Asqar Quanyşuly Omarov (Асқар Қуанышұлы Омаров; born 30 June 1976) is a Kazakh politician who served as a minister of information and social development from 11 January 2022 to 2 September 2022. He is currently the director of the Central Communications Service under the president since 2 September 2022.

== Biography ==

=== Early life and career ===
Omarov was born in Almaty and graduated from Turan University. He trained in Poland and Israel.

Omarov began his career in 1997 as an economist at the Republican Center for Cultural Problems. From 1998 to 1999, he worked as a marketing specialist in the magazine Small Business of Kazakhstan, owned by the BIKO publishing house.

In 2001, Omarov began to cooperate with the publication News of the Week, where he was a correspondent, columnist and head of the political department. Three years later, he moved to the Qazaqstan RTRK Corporation, where he held the positions of editor-in-chief and deputy director. He was the editor-in-chief of the Almaty branch of the RTRK "Qazaqstan".
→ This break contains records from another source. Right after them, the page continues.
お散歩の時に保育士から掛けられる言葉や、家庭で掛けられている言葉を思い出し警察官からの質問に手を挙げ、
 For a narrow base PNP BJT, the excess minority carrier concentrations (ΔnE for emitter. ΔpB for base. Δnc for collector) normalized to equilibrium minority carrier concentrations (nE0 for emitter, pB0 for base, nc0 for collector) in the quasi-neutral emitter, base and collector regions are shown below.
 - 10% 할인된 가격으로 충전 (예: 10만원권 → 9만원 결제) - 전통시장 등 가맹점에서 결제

Omarov also held a number of positions in the corporate and communications sectors. In 2007, he briefly served as chief manager at KazMunayGas, before becoming creative director at Infinity Communication and later first deputy general director of the Nur-Media holding. From 2011 to 2013, he served as Vice President of the Turkic Academy, followed in 2014 by a position as managing director of the Astana EXPO-2017 National Company.

In September 2014, he became president of the KazBusinessMedia Public Foundation, holding this position until April 2017. From 8 April 2017 to 2020, he was the general director, and from 2020 to 2021, he was the chairman of the board of Kazinform.

=== Political career ===
From 18 January 2021 to 31 January 2022, Omarov has been a member of the National Council of Public Trust under the President of Kazakhstan.
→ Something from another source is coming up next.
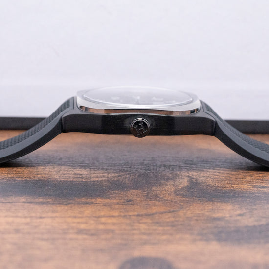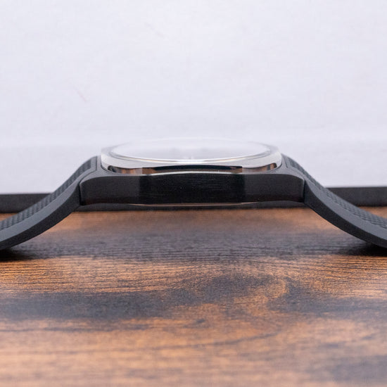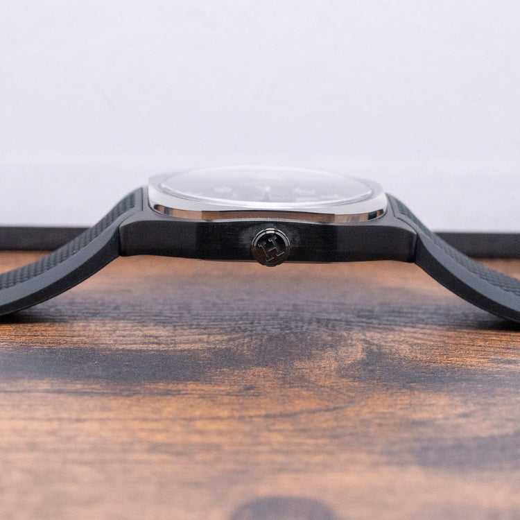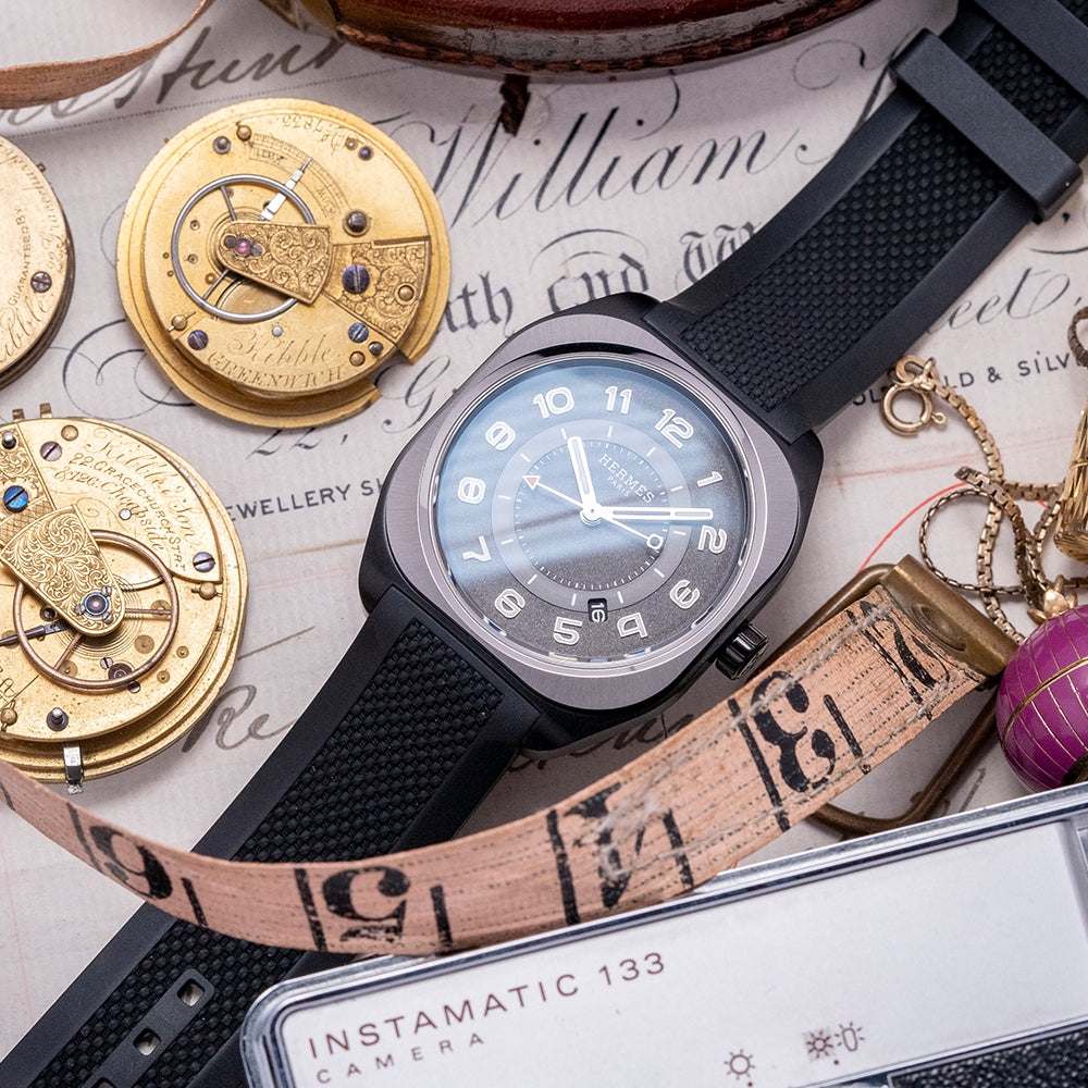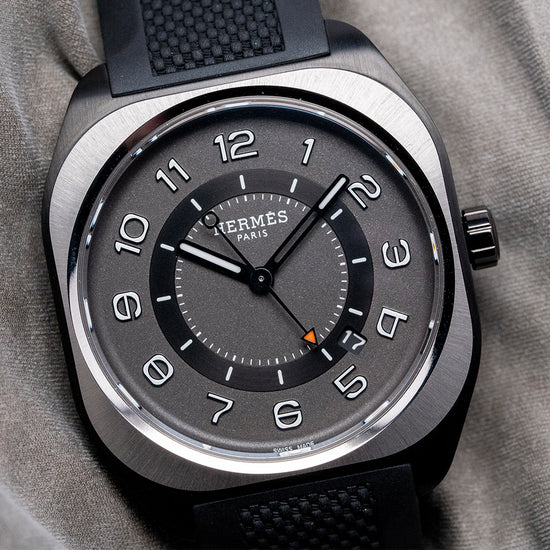 Here we have a Like-New 2023 Hermès H08 Titanium Black Automatic with a brushed 38.5mm Black PVD coated Titanium cushion style case. Its straight flanks taper towards the lugs, leading to a lug-to-lug length of 46mm and a case thickness of 10mm to give the watch an impressive wrist presence. On the right is a signed crown with deep knurling for grip. A radially-brushed Titanium bezel has polished chamfer edges holding a sapphire crystal AR coated above a grey PVD-coated dynamic dial. Stylised numerals coated with Super-LumiNova surround a satin-brushed black minute disc highlighted with white markers at the hour; at 4.30, we have a colour-matched date window, black background and white numerals. The baton hour hand is filled with Super-LumiNova, and the skeletonised minute hand tipped with lume is complemented by an orange arrow pointed sweeping second hand. At 12 o’clock, the Hermès Paris motif completes this sophisticated, innovative timepiece. On the reverse, a screwed-down Titanium exhibition case back, inside an automatic Hermès Cal. H1837, 28 jewels, beating at 28,800 beats per hour, made for Hermès by Vaucher Manufacture Fleurier, this double barrel movement is made up of 193 components, and an attractive repeating “H” is engraved across the movement and rotor and has hand winding and hacking seconds for your convenience. It comes paired with its 20mm Hermès black rubber strap and a signed Titanium deployant buckle and comes with its Hermès presentation box and paperwork.

On 19 August 2021, he was appointed Vice Minister of Information and Social Development of Kazakhstan.

On 11 January 2022, Omarov was appointed Minister of Information and Social Development of Kazakhstan in the government of Älihan Smaiylov. On 2 September 2022, he was dismissed from office and appointed director of the Central Communications Service under the President of the Republic of Kazakhstan.